Listing ID: 74824
Seller is looking to train and mentor a younger, qualified contractor who is ready to take this business to the next level. Seller designs, manufactures, and installs mostly residential patio covers and awnings of all shapes and sizes. They are known for providing seamless smart home integration with versatility, control, function and beauty. Backlog of work growing significantly again. Has two long-term, well-trained professional installers which makes for matchless reputation. Gross sales could be sparked with an energetic new leader and additional installers and Seller mentorship.
Seller offering good options: Lease property, lease with option to buy, but, prefers to sell business and real estate together (appraisal report value of property is $500,000). SBA loan should work with good finances/books, appraised property value and qualified buyer. Company requires contracting license which can remain on the books with a qualified new owner as they prepare to get certified,
- Asking Price: $165,000
- Cash Flow: $77,242
- Gross Revenue: $576,000
- EBITDA: N/A
- FF&E: $70,000
- Inventory: $50,000
- Inventory Included: Yes
- Established: 1994
- Property Owned or Leased:Own
- Property Included:N/A
- Building Square Footage:6,231
- Lot Size:N/A
- Total Number of Employees:2
- Furniture, Fixtures and Equipment:N/A
Well appointed building and manufacturing facility appraised at $500K. Plenty of room to expand work force and inventory. Roughly 3/4 acre (.79) fenced-in lot and 6231sf building with good access on primary N/S avenue.
Seller will train and support.
Yes, but few with the experience and reputation.
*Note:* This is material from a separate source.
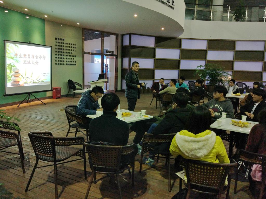本次交流会以“勿忘初心,立足本职”为主题,主要就导师工作开展情况和心得体会进行分享交流,其次是围绕“导师工作如何创新”和“先锋作用如何发挥”两个方面进行专题讨论。会议中27位学生党员(含入党积极分子)结合自身工作实际,用生动的语言和鲜活的事例,交流了自己的真情实感,引起了与会党员心灵上的共鸣。如吴佳俊讲述用真爱去关心新同学,了解结对寝室每位成员的性格,和他们做朋友,营造融洽的朋友学长关系,不断充实和完善自身的具体做法,展现了一个学生党员导师在平凡的工作岗位上如何发挥先锋模范作用。项宝蕾以“用心倾听——‘学生党员导师’工作心得”为题,用一个典型的案例诠释了学生党员结对帮扶新生宿舍导师工作的重要性和自己的真切感受,并对进一步做好工作提出了建议。

Not the biggest, but in demand. Winning designs and countless referrals keep the new order backlog growing and suggests a bright future.
Learn the business from the Seller and add a crew to get all the jobs done quicker. Market, promote, and reach out to the community to instantly improve sales.
The business was established in 1994, making the business 28 years old.
The transaction does include inventory valued at $50,000, which is included in the listing price.
The company has 2 + owners employees and is located in a building with disclosed square footage of 6,231 sq ft.
Why is the Current Owner Selling The Business?
There are all kinds of reasons individuals decide to sell operating businesses. However, the real factor vs the one they say to you may be 2 entirely different things. For instance, they might say "I have a lot of other commitments" or "I am retiring". For numerous sellers, these reasons are valid. But, for some, these might just be reasons to attempt to conceal the reality of changing demographics, increased competition, recent reduction in profits, or an array of other reasons. This is why it is really important that you not depend completely on a vendor's word, yet instead, make use of the seller's solution along with your general due diligence. This will paint a more sensible picture of the business's present circumstance.
Existing Debts and Future Obligations
If the existing company is in debt, which lots of businesses are, then you will certainly have reason to consider this when valuating/preparing your deal. Numerous companies finance loans in order to cover things like inventory, payroll, accounts payable, so on and so forth. Bear in mind that occasionally this can imply that earnings margins are too tight. Lots of businesses fall under a revolving door of taking on debt as a way to pay back various other loans. In addition to debts, there may also be future obligations to consider. There may be an outstanding lease on equipment or the structure where the business resides. The business might have existing agreements with vendors that must be satisfied or may cause fines if terminated early.
Understanding the Customer Base, Competition and Area Demographics
How do businesses in the area attract brand-new customers? Most times, operating businesses have repeat customers, which create the core of their daily revenues. Particular aspects such as new competition sprouting up around the location, roadway building, as well as staff turnover can affect repeat clients as well as adversely influence future revenues. One important thing to think about is the placement of the business. Is it in an extremely trafficked shopping mall, or is it hidden from the main road? Clearly, the more individuals that see the business on a regular basis, the higher the possibility to build a returning client base. A last idea is the general location demographics. Is the business situated in a densely populated city, or is it located on the outside border of town? Exactly how might the neighborhood typical home earnings effect future earnings prospects?